Required work
A complete answer lists every line of the entries below where the string "that" appears.

Provided data

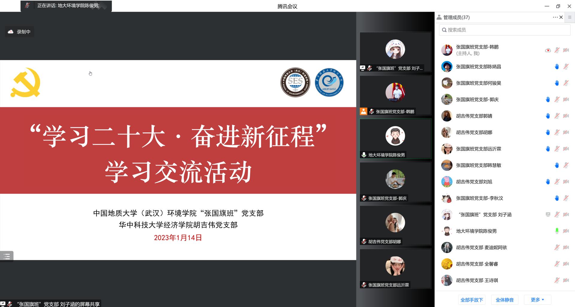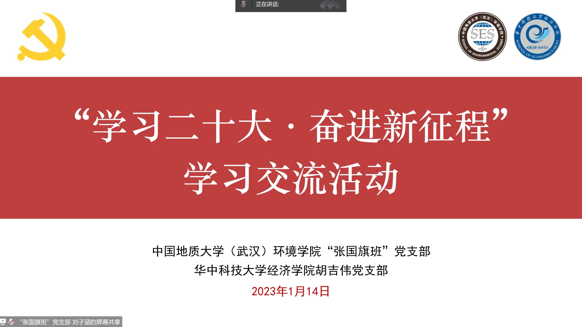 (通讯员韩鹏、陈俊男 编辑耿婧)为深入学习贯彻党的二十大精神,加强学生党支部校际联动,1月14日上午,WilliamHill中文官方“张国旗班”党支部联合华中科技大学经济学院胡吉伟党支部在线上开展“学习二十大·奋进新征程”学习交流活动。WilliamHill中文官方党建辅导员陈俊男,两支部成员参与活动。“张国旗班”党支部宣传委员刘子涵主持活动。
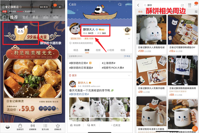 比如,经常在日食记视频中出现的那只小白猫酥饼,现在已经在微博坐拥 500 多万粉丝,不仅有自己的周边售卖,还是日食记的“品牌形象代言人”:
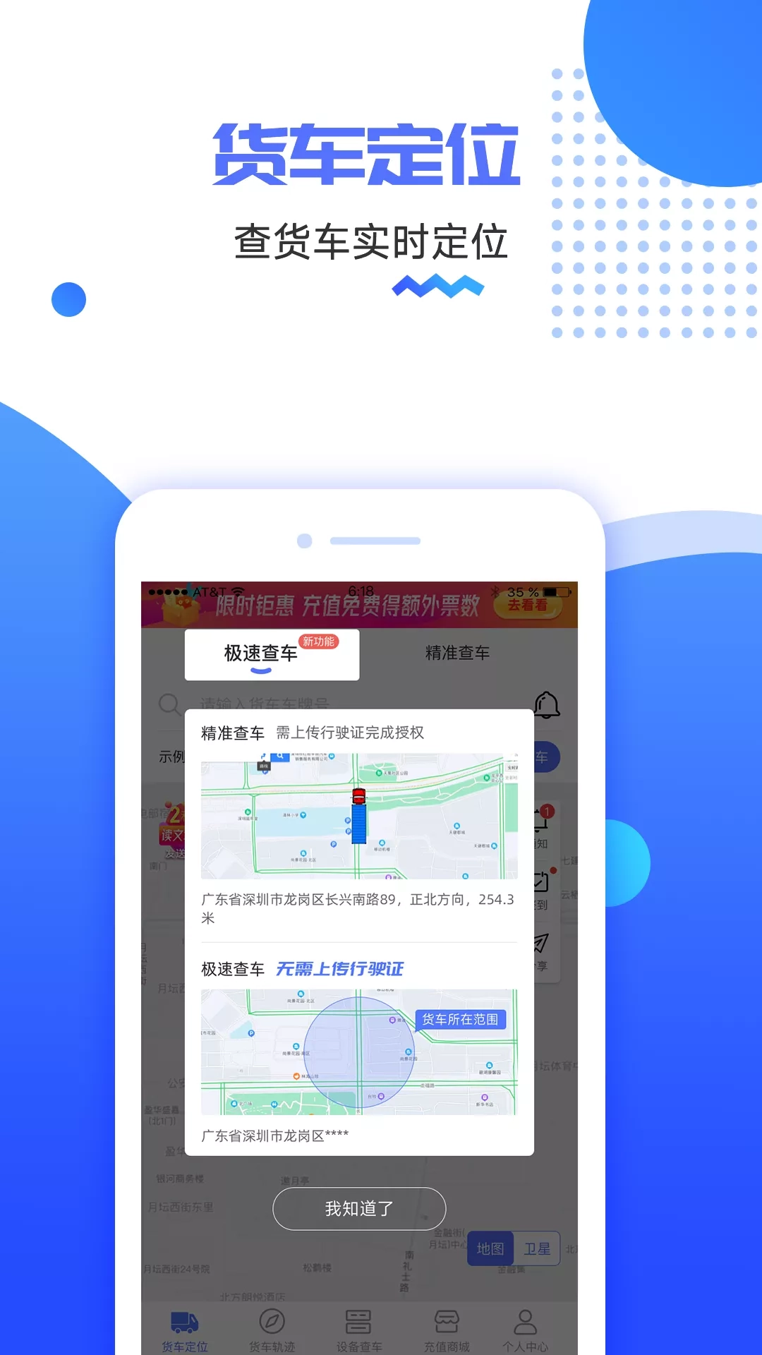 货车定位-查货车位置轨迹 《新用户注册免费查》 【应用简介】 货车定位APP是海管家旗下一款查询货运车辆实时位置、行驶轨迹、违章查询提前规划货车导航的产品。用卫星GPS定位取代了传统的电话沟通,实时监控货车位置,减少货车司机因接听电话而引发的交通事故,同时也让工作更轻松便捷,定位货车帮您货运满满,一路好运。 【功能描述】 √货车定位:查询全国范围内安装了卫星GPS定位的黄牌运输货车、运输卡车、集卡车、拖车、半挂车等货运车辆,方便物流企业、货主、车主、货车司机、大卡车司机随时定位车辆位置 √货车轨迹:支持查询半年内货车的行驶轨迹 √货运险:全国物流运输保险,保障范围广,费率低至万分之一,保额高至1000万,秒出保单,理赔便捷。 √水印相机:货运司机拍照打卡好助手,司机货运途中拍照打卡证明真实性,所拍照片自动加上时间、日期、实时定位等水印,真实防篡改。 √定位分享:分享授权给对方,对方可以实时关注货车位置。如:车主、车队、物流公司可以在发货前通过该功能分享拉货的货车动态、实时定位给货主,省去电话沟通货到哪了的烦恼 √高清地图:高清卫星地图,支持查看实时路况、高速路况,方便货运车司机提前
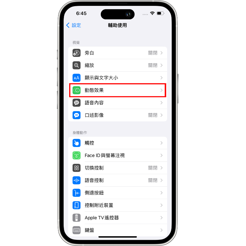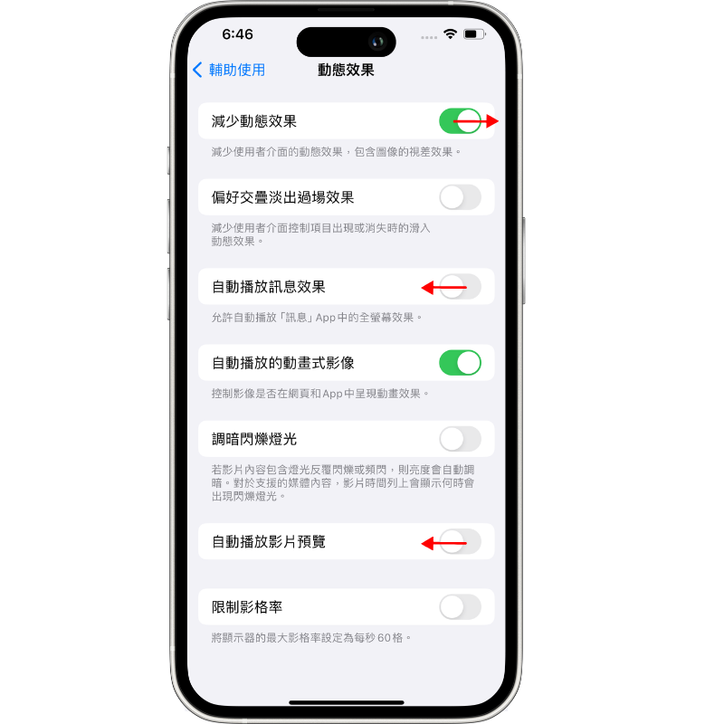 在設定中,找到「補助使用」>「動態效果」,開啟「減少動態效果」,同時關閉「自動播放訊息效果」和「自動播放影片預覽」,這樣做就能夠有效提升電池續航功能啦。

* * *

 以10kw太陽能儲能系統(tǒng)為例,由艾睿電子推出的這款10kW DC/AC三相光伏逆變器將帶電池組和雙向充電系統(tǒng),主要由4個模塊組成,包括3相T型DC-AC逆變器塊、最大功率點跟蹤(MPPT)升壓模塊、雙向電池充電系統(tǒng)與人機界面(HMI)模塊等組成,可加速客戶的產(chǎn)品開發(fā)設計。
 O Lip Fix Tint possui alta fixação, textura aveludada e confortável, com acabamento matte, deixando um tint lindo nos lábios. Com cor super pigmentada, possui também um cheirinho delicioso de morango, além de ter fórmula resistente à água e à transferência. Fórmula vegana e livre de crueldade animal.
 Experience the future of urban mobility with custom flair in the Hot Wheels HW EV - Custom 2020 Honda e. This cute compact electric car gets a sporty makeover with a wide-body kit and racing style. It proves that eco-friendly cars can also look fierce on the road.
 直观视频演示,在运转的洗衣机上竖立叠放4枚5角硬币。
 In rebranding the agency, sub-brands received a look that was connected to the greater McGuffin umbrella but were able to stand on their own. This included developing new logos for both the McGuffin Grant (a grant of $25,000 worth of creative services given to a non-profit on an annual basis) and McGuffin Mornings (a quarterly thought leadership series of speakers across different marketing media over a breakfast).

==

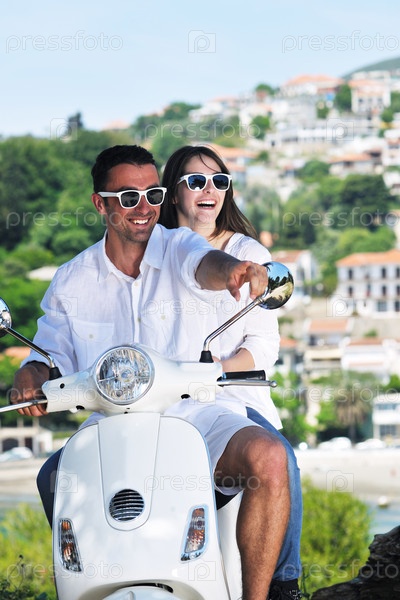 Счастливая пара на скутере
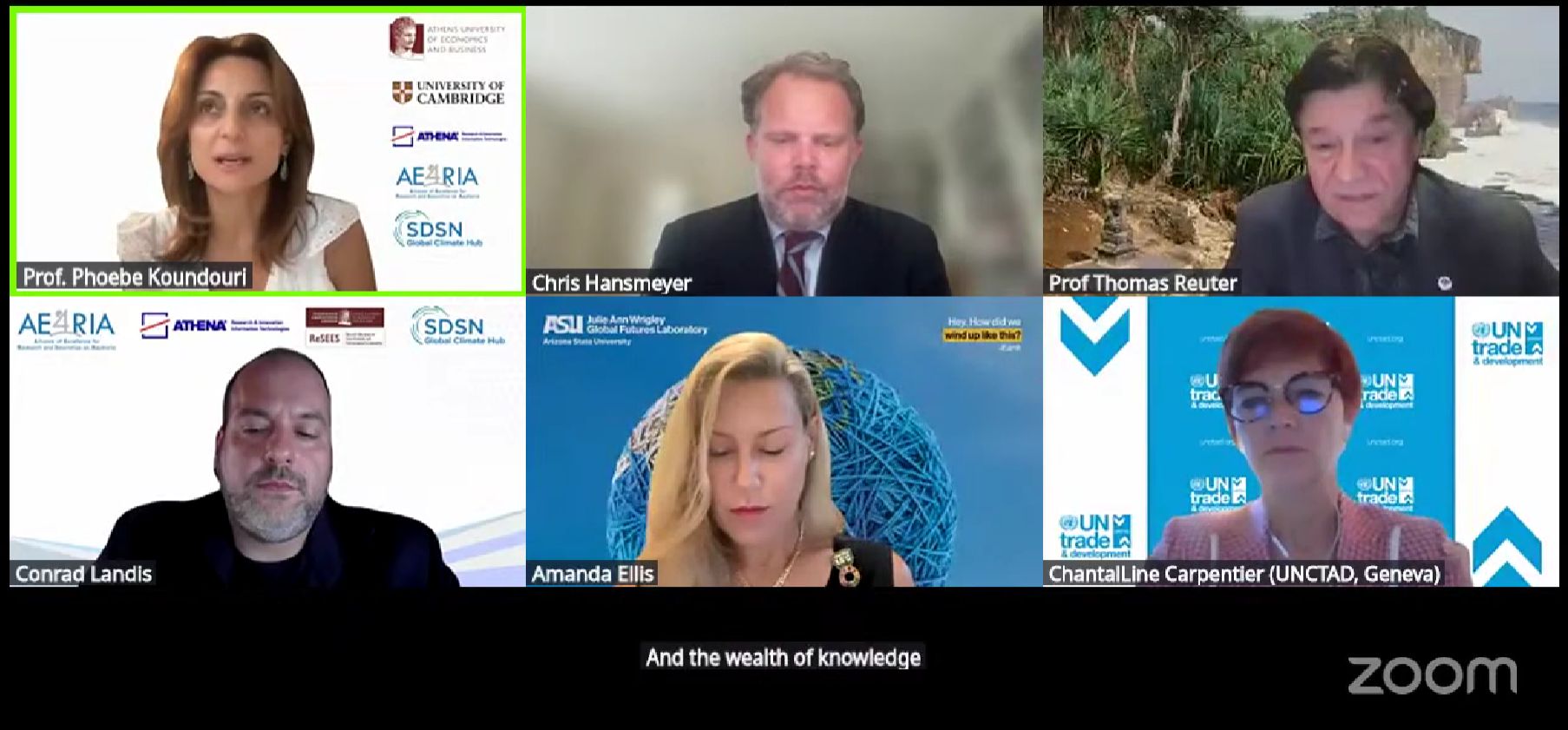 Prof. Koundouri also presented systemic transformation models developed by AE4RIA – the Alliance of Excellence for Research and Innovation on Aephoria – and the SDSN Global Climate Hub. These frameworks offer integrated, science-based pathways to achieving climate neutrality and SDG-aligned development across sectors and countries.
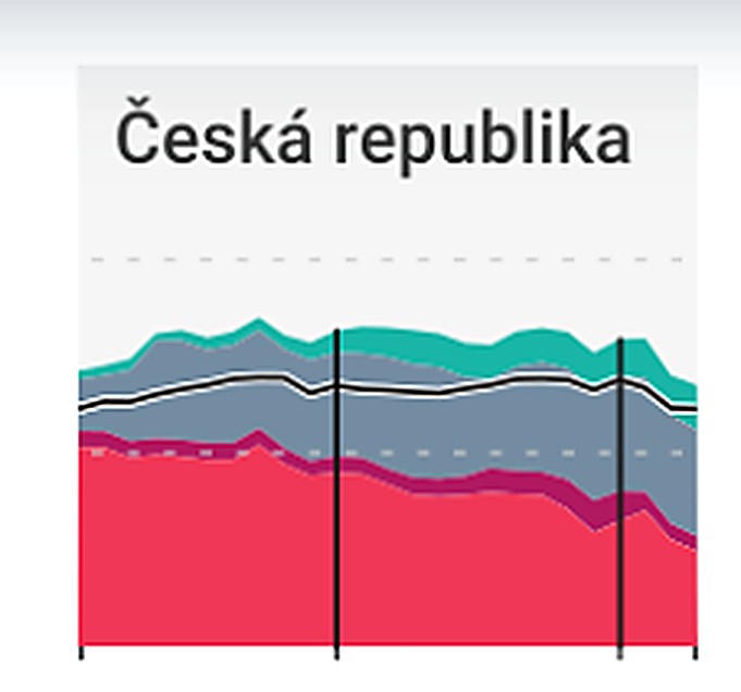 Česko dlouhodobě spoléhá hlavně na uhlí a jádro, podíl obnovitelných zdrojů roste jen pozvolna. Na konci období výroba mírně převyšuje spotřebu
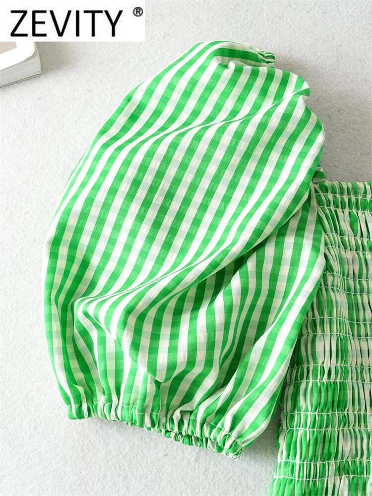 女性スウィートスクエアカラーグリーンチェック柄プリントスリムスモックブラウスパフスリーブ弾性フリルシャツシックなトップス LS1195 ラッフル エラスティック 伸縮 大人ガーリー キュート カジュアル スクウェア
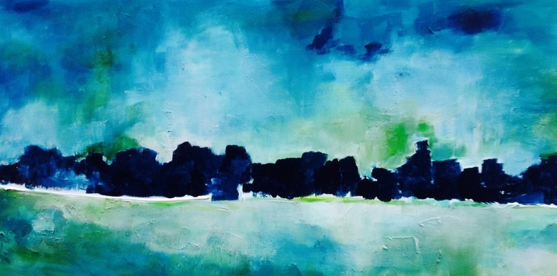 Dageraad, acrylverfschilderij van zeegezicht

Exercise response
 Experience the future of urban mobility with custom flair in the Hot Wheels HW EV - Custom 2020 Honda e. This cute compact electric car gets a sporty makeover with a wide-body kit and racing style. It proves that eco-friendly cars can also look fierce on the road.
 In rebranding the agency, sub-brands received a look that was connected to the greater McGuffin umbrella but were able to stand on their own. This included developing new logos for both the McGuffin Grant (a grant of $25,000 worth of creative services given to a non-profit on an annual basis) and McGuffin Mornings (a quarterly thought leadership series of speakers across different marketing media over a breakfast).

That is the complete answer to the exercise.